Я смотрел на жаркие языки пламени, и по моим щекам нескончаемым потоком лились слезы. Я знал, что моего возлюбленного больше нет со мной, в моей жизни, а тело, где была заключена душа, сгорало на большом погребальном костре, торжественном, почетном. Каждый, кто пришел сегодня проститься с Каласом, был, несомненно, убежден, что встретится с ним на полях Гадеса, для них — смерть близкого друга — скорбное событие, но полностью встроенное в систему верований. Я же знал, что это — конец и моему существованию. Моя жизнь становится бессмысленной, да и смерть — тоже. Я не мог представить, что ожидает меня за гранью бытия: возвращение или полное забвение, но уже в другом теле, вступление в новый поворот Круга, в котором мы можем больше не встретиться с моей возлюбленной душой, или встретиться, но ничего не помнить друг о друге — пройти мимо, едва коснувшись взглядом. Почему я тогда не шагнул в костер? Птолемей в последствии говорил, что едва удержал меня, спас мне жизнь, но что сравниться с мучениями души, заключенной в грубое тело, не имеющей возможность вырваться на свободу.

Я долго искал смерти, но она никак не хотела мне подчиниться. Время не уберегало меня от ран, но душа не хотела покидать тело, будто не сделал я еще всего предназначенного или предначертанного мне Судьбой.

Распоряжаясь своими чувствами не по воле богов [1]: я любил в своей жизни только двух людей — Мидаса и Каласа. Первого — за страсть, что необъяснимо охватывала меня, стоило мне только ощутить его присутствие рядом, второго — увлеченный идеей единения душ.
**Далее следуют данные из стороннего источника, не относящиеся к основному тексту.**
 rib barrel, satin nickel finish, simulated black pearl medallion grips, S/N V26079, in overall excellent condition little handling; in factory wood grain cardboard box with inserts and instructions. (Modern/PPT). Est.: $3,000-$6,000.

Но обоих потерял настолько внезапно, необъяснимо, хотя прекрасно осознавал, кто виновен в их смерти.

После того, как царь Александр расправился с Парменионом и подавил назревающий внутренний мятеж в македонском войске, он изменился. Его идея, что эллины несут другим народам свою совершенную культуру, была забыта, столкнувшись с реальностью: у этих завоеванных людей тоже была своя культура, обычаи, верования и свой собственный взгляд на то, как устроен окружающий мир.

Филократ приехал в Бактрию как раз, когда ее захлестнула волна насилия и омыла эти земли кровью невинных. Он получил мое известие, он приехал, чтобы узнать тайну тех событий, что явились причиной смерти Каласа. И выносил свою месть, я помог ему, не спрашивая, что именно он хочет предпринять.
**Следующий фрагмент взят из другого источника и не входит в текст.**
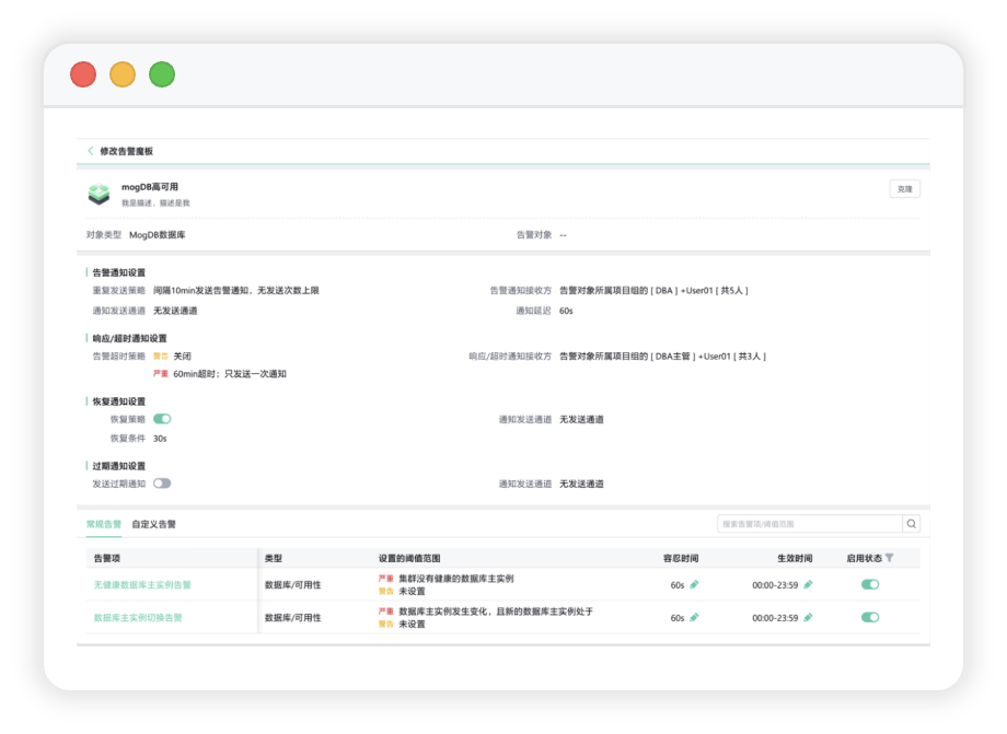 主动告警机制 通过主动监控并及时发送告警通知,特别是在主实例状态变化时,能够有效避免“单点故障”带来的风险,保证运维团队能够及时响应。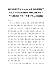 校党委书记在主持2025年度党委领导班子民主生活会会前集体学习暨党委理论学习中心组2026年第一次集中学习上的讲话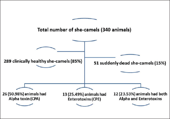 Fig. 1. Flow chart showing the numbers of total examined she-camels, suddenly dead she-camels, and types of C. perfringens toxins detected in the dead animals. Table 1. Descriptive demographic data and laboratory findings of the examined she-camels.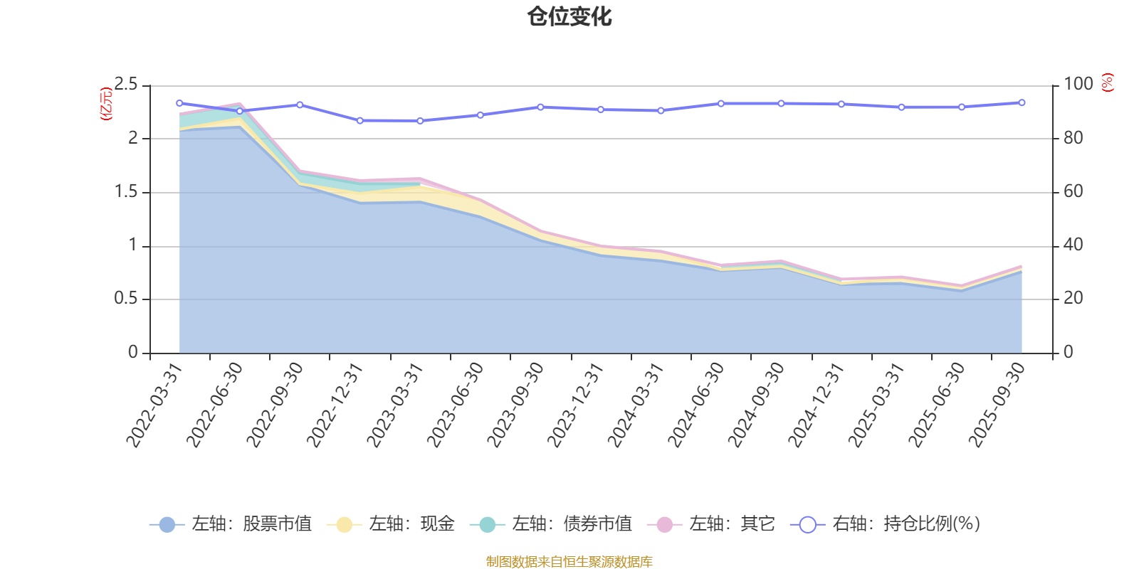 据定期报告数据统计,近三年平均股票仓位为91.06%,同类平均为83.41%。2025年三季度末基金达到93.58%的最高仓位,2023年一季度末最低,为86.74%。

— Что ты сделаешь? Они сильны! — воскликнул я.

— Они слабы, — загадочно ответил Филократ, — а мы способны ждать, я нанесу удар туда, где его никто не ожидает. Они сами погубят друг друга.

Я рассказал ему все, что знал. Он призывал меня к мести, упрекал, но я отказался мстить, и кому? Безгласному убийце, воткнувшему меч в тело Каласа? Так он, наверно, был убит в ту же ночь! А те, кто его послал будут судимы в Аиде. Но Филократ думал о чем-то своем, поддерживаемый силами и их влиянием из вне, о которых я не желал знать. Я обещал помочь ему, представить нужным людям, а дальше — я вне этой игры. Так появился Медий из Фессалии, незаметный участник пиров. А потом умер Гефестион, и был нанесен первый удар по Александру — не знаю, чьими руками, но у царя было отнято то, чем он безумно дорожил. Он тяжело переживал смерть друга, стал подозрительным, называл гетайров-македонцев «стаей волков», но идея нового похода в Аравию отложила на время осуществление мести царя, готового казнить все свое «старое» окружение. И тут Медий стал его доверенным лицом, способным утешить в трудную минуту, поднести к губам чашу хмельного вина. Все только и ждали момента слабости царя. И однажды он наступил: измотанное обильными возлияниями тело ответило болью, она быстро прошла, ослабевший царь почувствовал себя лучше. И тогда, быть может, с целебным снадобьем, был нанесен завершающий удар. Стервятники не успели толком справить достойную тризну, как принялись раздирать на части то, что было завоевано ценою крови всего эллинского народа.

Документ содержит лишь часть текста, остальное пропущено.